The adoption of the basic principles of experimentation, such as the need to conduct trials with replication,
randomness, and, if necessary, local control, led to a revolution by providing more accurate mean values, information
regarding experimental accuracy, and estimates of genetic and environmental parameters useful in guiding breeding
strategies. This may have been the moment that the foundations of biometry emerged in breeding, in which there was
complementation between genetic and statistical principles for a common purpose.
Proposals for improvement in the information regarding individuals and populations have been presented through
diverse biometric approaches. For decades, questions regarding indirect selection, simultaneous selection, and family
selection were raised, studied, and substantiated. Thus, theories of correlated responses or selection indices have indicated
that aggregating information on auxiliary traits that are generally easier to measure and with greater heritability can
provide criteria that lead to more balanced gains in a set of traits of interest to breeders. Another approach is one that
seeks to increase selective accuracy through criteria that involve information on the individual, the focus of selection,
and of its kin, generating family indices. In this case, the experimentation and the information regarding the genealogy of
those evaluated become fundamental. Some genetic designs were especially established so that, in a single experiment,
information could be obtained on the individuals and their kin, such as diallel crosses and designs I and II of Comstock
and Robinson, in which the presence of both full sibs and half sibs are found. These designs provide information that
assists breeders in selection of parents seeking to obtain base (segregating) populations of greater potential, as well as
an understanding of the genetic effects involved in genetic control of the traits under study.
Along with the intra-allelic (dominance) and inter-allelic (epistasis) interactions, the genotype × environment interaction
(G×E) is among the three main genetic difficulties faced by the breeder. The biometric area provided modeling that
allowed a basis for better understanding of this G×E interaction, as well as alternatives to mitigate its harmful effects in
the selection of genotypes aiming at recommendation. In this phase, the analyses of environmental stratification and
studies on adaptability and stability are prominent. For these studies, various methodologies have been proposed, which
allow recommendation more suitable for a wide region or for specific conditions. However, from the perspective of
genotype selection aiming at recombination in recurrent selection programs, in which the effect of the G×E interaction
can be an advantage, biometry also responded with appropriate modeling, presenting selection indices that capitalize
on the G×E interaction (Cruz et al. 2011a, Cruz et al. 2012, Cruz et al. 2014).
The experimental statistics and biometry areas have contributed a large number of models, some of which achieve
complexity by their parametrization with the sole purpose of ensuring the good choice of genetic material and of
establishing a predicted value of performance of the individual or of its descendant in the best manner possible.
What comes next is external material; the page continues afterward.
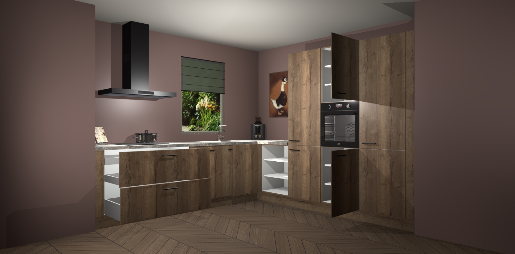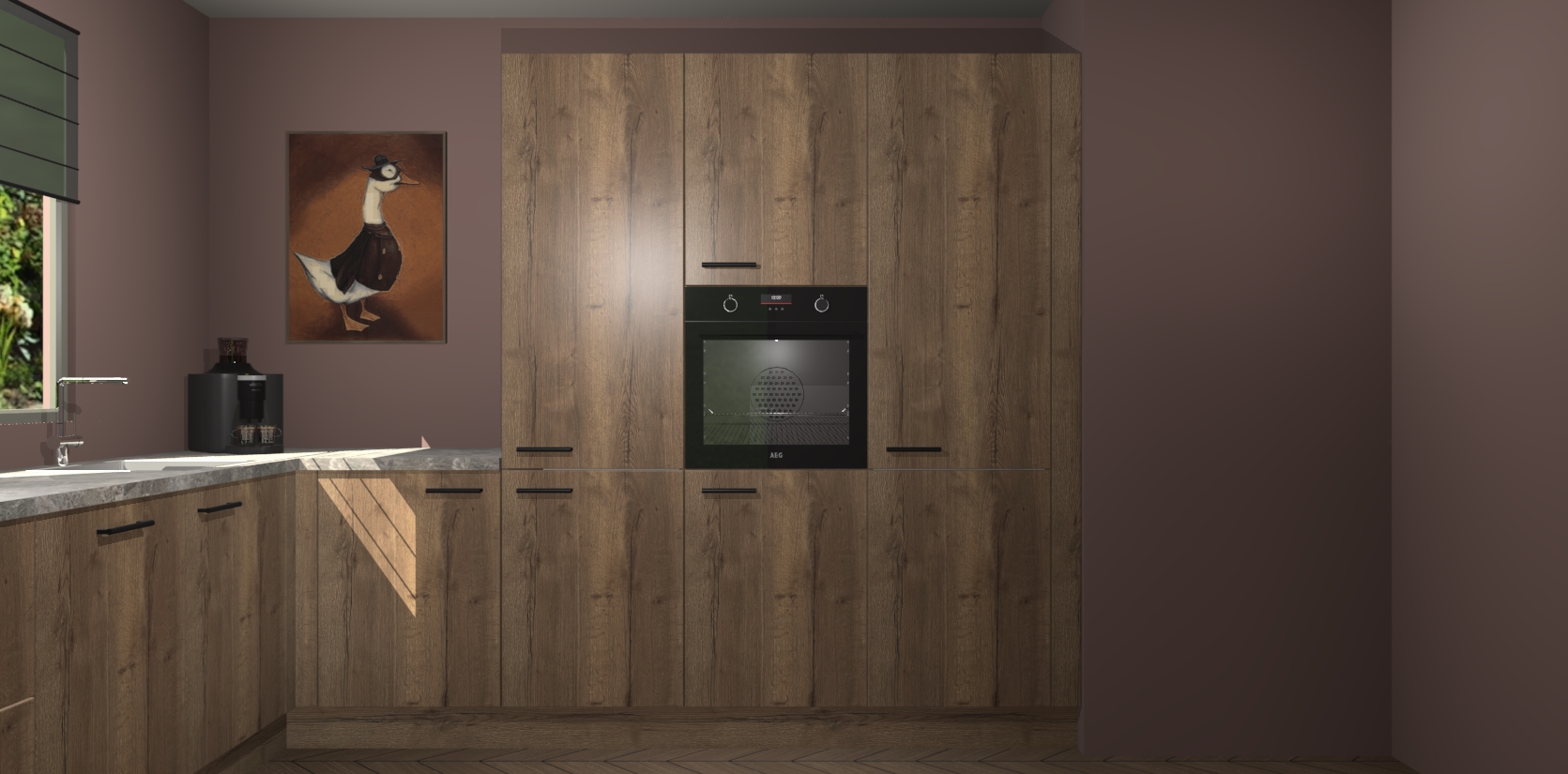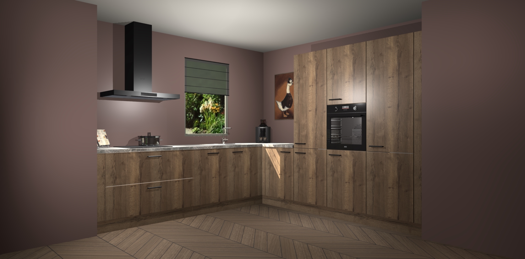 Welkom bij de Chocolade Eiken keuken Laos. Deze prachtige keuken zal de komende jaren het middelpunt van de belangstelling in uw huis zijn. Uitgerust met vijf inbouwapparaten komt u nooit kookgereedschap tekort. Bovendien geeft de warme houtlook elke ruimte een uitnodigende en tijdloze uitstraling.

Processing these data has become viable by the availability of increasingly powerful computational resources and the
establishment of computational routines that incorporate the features of the biological phenomenon under study in
the statistical models.
More recently, breeding has aggregated additional information of great value for establishment of selection criteria.
Massive datasets of molecular markers, of spectroscopies, such as near infrared (NIR) imaging, and of images have allowed
much more parametrized models to be fitted, with substantial gains in measurements of quality of fit. However, the use
of models with datasets of large dimensions requires knowledge of more effective approaches and, for that purpose,
some basic principles of prediction through statistical paradigms, computational intelligence, machine learning, and
even non-Boolean logic are being incorporated in the biometric area (Cruz and Nascimento 2018).
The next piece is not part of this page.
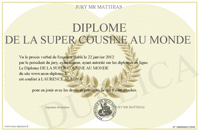 Envoyez par email votre Diplôme DE LA SUPER COUSINE AU MONDE personalisé
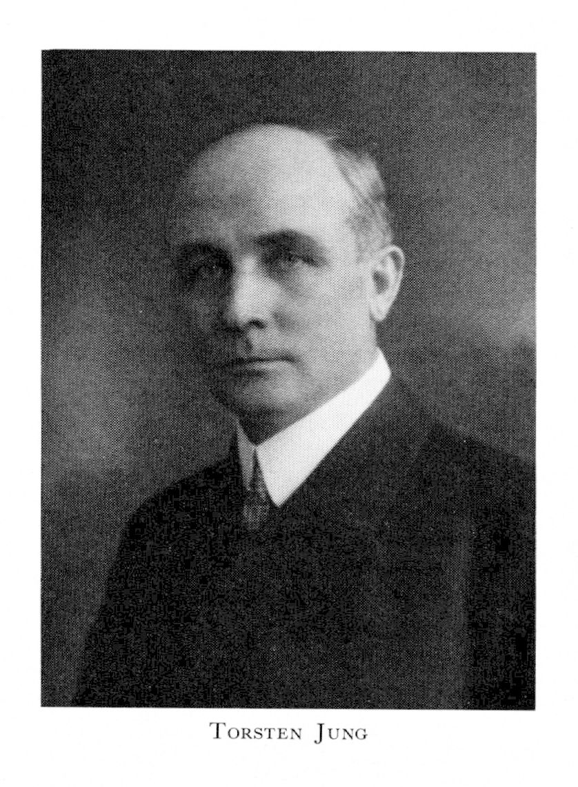 Jung, Karl Torsten Fredrik, f 28 maj 1880 i Malmö, Caroli, d 29 maj 1961 i Vireda, Jönk. Föräldrar: rektorn Victor Pontus J o Maria Emilia Levan. Mogenhetsex vid h a l i Helsingborg vt 97, elev vid KTH (maskinbyggn:konst o mek teknologi) 18 okt 99—10 juni 01, anställd vid patent- o registreringsverket 9 nov 01—31 dec 14 (eo tjänsteman 01—06, bitr ing 1 okt 06—14, tf byråing 09—14), konstruktör vid ab Diesels motorers ritkontor, Sickla, Sth, 1 febr 02—1 febr 03, assistent o förste assistent vid KTH 03—13, lär i matematik vid Tekn skolan i Sthlm läsåren 03—05 o 06—08, studieresa till USA 05—06, överlär i mekanik o maskinlära vid Tekn skolan läsåren 08—13, tf lektor i konstruktion av enkla maskindelar vid KTH 1 nov 07—08, tf prof i mekanik o maskinlära där 19 dec 11 (tilltr 1 jan 12)—1 juli 12, övering vid ab Förenade sv tändsticksfabriker 13—33, vice VD där 17— 33, VD o led av styr där 33—49, led av styr för Sv ab Logg, Sthlm, 6 febr 14—25, VD där 16—17, VD o led av styr för ab Siefvert & Fornander, Kalmar, 14—21, led av stadsfullm o drätselkammaren där 17—21, ordf i styr för Maskinfabriksab Norrbacken, Blomstermåla, Kalm, led av styr för Smålands o Blekinge handelskammare, Jönköping, 18— 53, ordf där 37—53, led av styr o tekn dir för Sv tändsticks ab, Sthlm, 20—32, led av styr för Smålands ensk bank, Jönköping, 22—32, ordf i styr för Anneberg-Ormaryds järnvägsab, Jönköping, 29—34, VD o led av styr för Jönköpings o Vulcans tändsticksfabriksab 29—49, ordf i styr för Sv vaxduksab, Smålands Anneberg, Jönk, 36—55, för Jönköpings mek verkstads ab, Jönköping, 45— 51, för Försäkringsbol Allm brand där 46— 50 (led av styr 33—50, v ordf 42—45).

Crop Breeding and Applied Biotechnology - 21(S): e380621S5, 2021 7


Downloaded from https://cabidigitallibrary.org by 103.174.4.168, on 10/11/24.
Subject to the CABI Digital Library Terms & Conditions, available at https://cabidigitallibrary.org/terms-and-conditions
CD Cruz et al.

THE BIOMETRIC AREA AS A RESPONSE TO ADVANCES IN THE AGE OF MOLECULAR GENETICS


Genetics is constantly evolving, overcoming new challenges and responding to the desires of the population regarding
the most varied themes, emphasizing some themes related to heredity and to genetic control of important traits. This
is also true in the biometric area. With the advent of modern molecular biological techniques, various methods have
arisen for detection of genetic polymorphism directly at the DNA level (Cruz et al. 2011b). As of that time in the 1980s,
this gave rise to a new cycle of knowledge generation, of fitting models, and development of algorithms appropriate
for data processing, with a view toward the need to aggregate these data to the values of a phenotypic nature that are
traditionally measured in plants and animals under selection.
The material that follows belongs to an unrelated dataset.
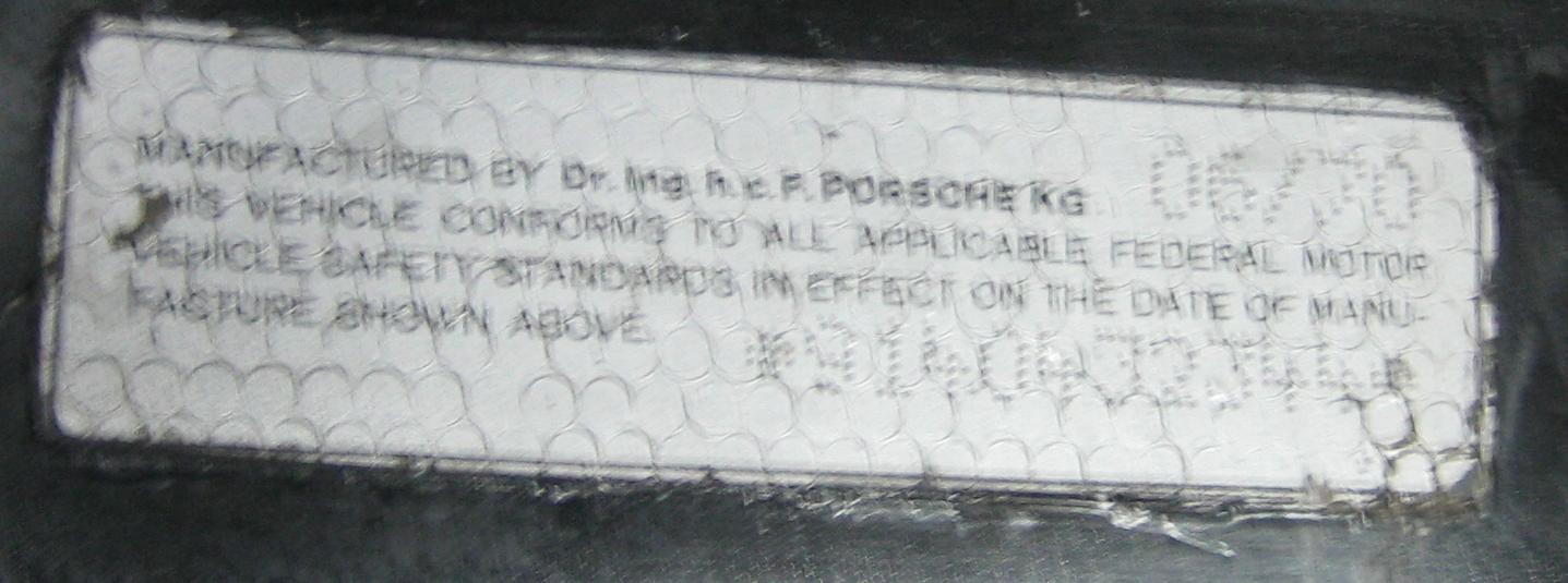 VIN tags look all wrong. No pictures of the VIN in the front trunk. Porsche/Karmann never stamped their numbers that straight. The tags don't look OE. The door jamb sticker is obviously a reproduction. Attached thumbnail(s) |

It should be noted that this new information required new studies and scientific effort and resulted in advancement
both in breeding activities, with information from genetic mapping and detection of genes controlling quantitative traits
in plants and animals, and in analysis of population dynamics, with studies on diversity, regular mating systems, degree
of kinship, and others.
Groups that act in the biometric area responded to world demand and formulated new models and adapted or
refined procedures to aggregate the data and information coming from molecular genetics studies, which resulted in
valuable information, including the prediction of genomic values of unrealized individuals and hybrids. They also helped
clarify important phenomena, such as epistasis and hybrid vigor.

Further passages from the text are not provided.